Andi voll Vorfreude auf Schauer/Stowa und dem Plan dort zumindest eine
Stowa zu erstehen.
Hermann versucht derweilen Gründe zu finden, warum der Uhrenkauf,
allen guten Vorsätzen ("Nein Schatzi, dieses Mal kauf ich mir
sicher keine Uhr, ich versprech's") zum Trotz, leider unvermeidlich war.
Um pünktlich zum vereinbarten Termin bei Schauer einzutreffen,
machen wir auf der Autobahn etwas Druck und treffen tatsächlich
mit nur minimaler Verspätung ein.
Wo wir mit "Sie sind zu früh dran, ich hab jetzt keine Zeit"
begrüßt werden.
Nicht von Jörg Schauer selbst, der ist nämlich, obwohl's lose
vereinbart war, gar nicht da.
Immerhin hat man uns bereits erwartet.
Was leider nicht heißt, daß man uns auch zur Kenntnis nimmt.
Zunächst werden wir in eine Art Aufenthaltstraum gebeten in dem
ein paar Vitrinen mit alten und neuen Stowas und Schauers stehen.
Zudem eine Kaffemaschine.
Die leider nicht funktioniert.
Schade, wäre nett gewesen, sich mal einen Kaffe zu machen, ohne
damit rechnen zu müssen, daß die Maschine umfällt.
Nach 1/2h erbarmt sich der ebenfalls anwesende firmeneigene Uhrmacher
und erklärt uns ein bißchen etwas zur Herstellung der Uhren,
speziell der Uhrengehäuse und des Artus Armbandes auf das man hier
sehr stolz ist.
Nach einiger Zeit verschwindet er, und wir werden für eine weitere
Stunde uns selbst überlassen.
Nachdem wir heute noch gut 200km zu fahren und auch sonst noch einiges
vorhaben, werden wir etwas unruhig.
Was wieder den Uhrmacher auf den Plan ruft.
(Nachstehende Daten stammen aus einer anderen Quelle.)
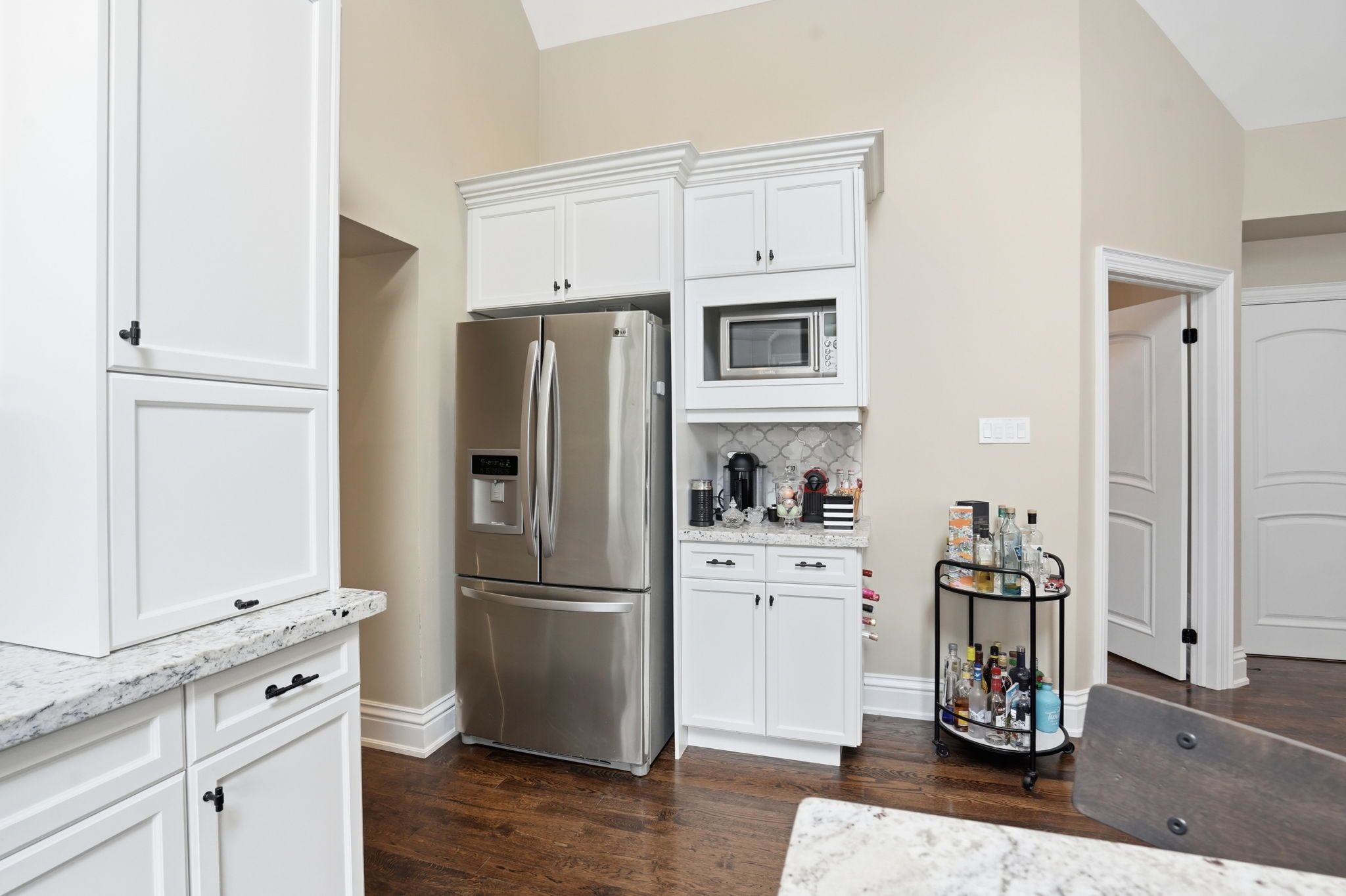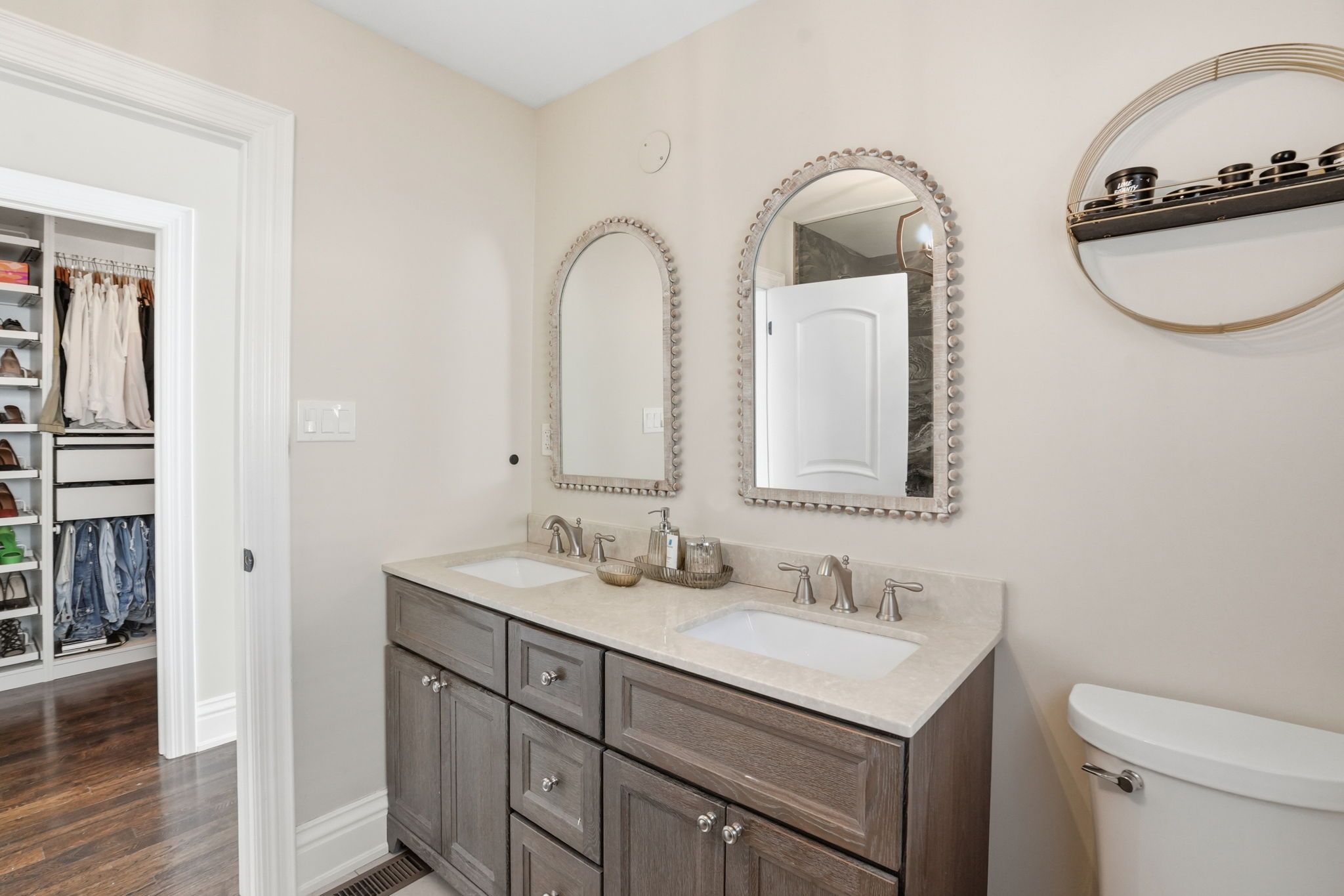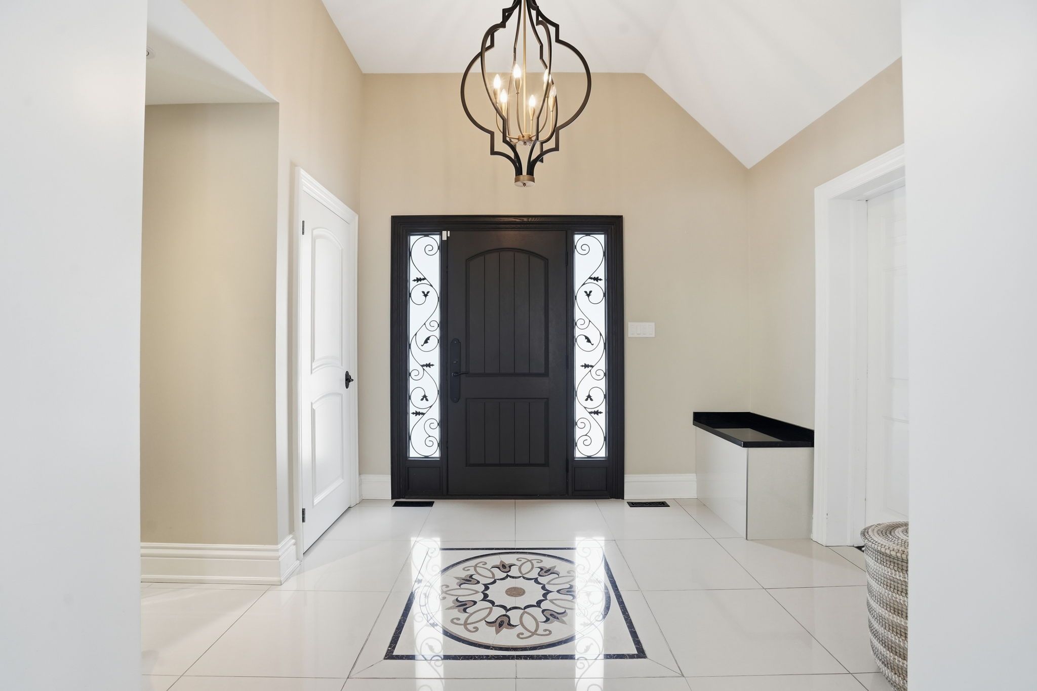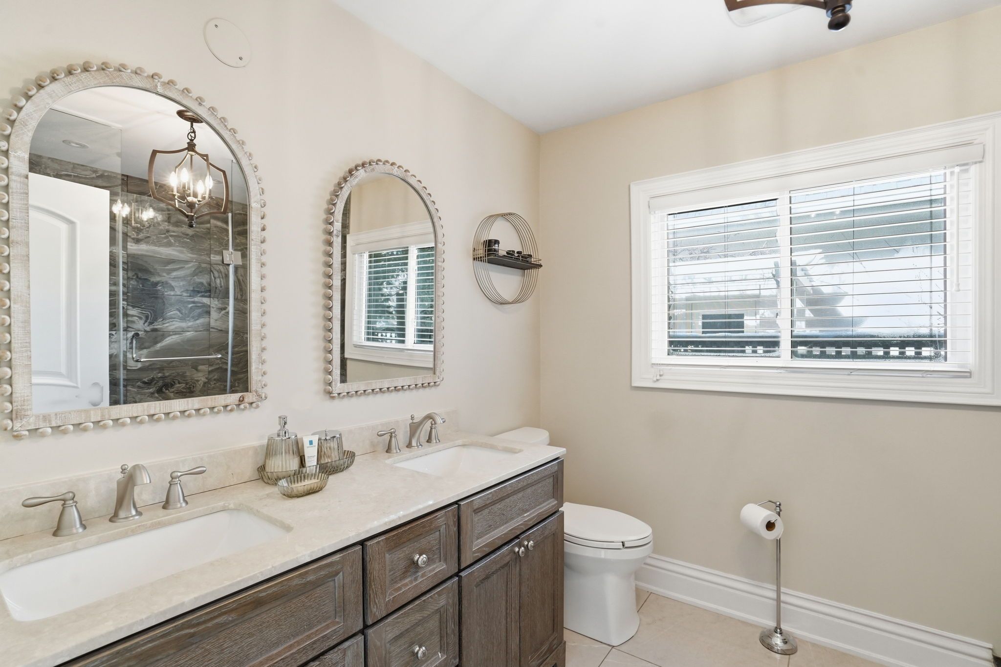 Welcome to a beautifully refined single-level residence where vaulted ceilings, natural light, and thoughtful design create an exceptional everyday living experience. From the moment you arrive, the home's balanced façade, neutral stucco exterior, and covered portico set a tone of understated sophistication. Inside, the open-concept main level unfolds beneath soaring ceilings and skylights, allowing light to pour through the space. Rich wide-plank hardwood flooring and clean architectural lines provide warmth and continuity throughout. The kitchen is positioned at the heart of the home, featuring full-height cabinetry, quartz countertops, a large island ideal for gathering, and seamless connection to the dining area. Sliding glass doors extend the living space outdoors, creating effortless indoor-outdoor flow for entertaining. The primary suite is a private retreat with vaulted ceilings, expansive windows, french door access to the exterior, and a custom walk-in closet with built-in organization. The ensuite offers a double vanity and a glass-enclosed walk-in shower with full-height tile surround for a spa-like feel. Additional bedrooms are bright and versatile, complemented by a finished lower level offering generous recreation space with recessed lighting and durable finishes. Step outside to a fully fenced, private backyard framed by mature trees and established landscaping. An elevated wood deck and generous lawn area provide the perfect setting for outdoor gatherings or quiet relaxation. A rare opportunity to own a thoughtfully updated home that balances architectural character, functionality, and privacy in one cohesive offering.

Interessant, daß in einer Firma die sich mit der Herstellung von
Uhren beschäftigt, der Uhrmacher scheinbar als einziger
abkömmlich ist, während sich alle anderen hinter ihren
Computern verkriechen.
Die Führung durch die Produktionsräume ist dann doch noch
interessant und als krönenden Abschluß dürfen wir uns
sogar noch selbst betätigen indem wir Gläser in Gehäuse
einsetzen und wieder entfernen.
Das war dann eigentlich noch sehr nett.
Allerdings nicht nett genug, um Andi seinen ursprünglichen Plan,
hier eine Uhr zu kaufen, in die Tat umsetzen zu lassen.
Spart er halt noch ein wenig und kauft sich eine Dornblueth.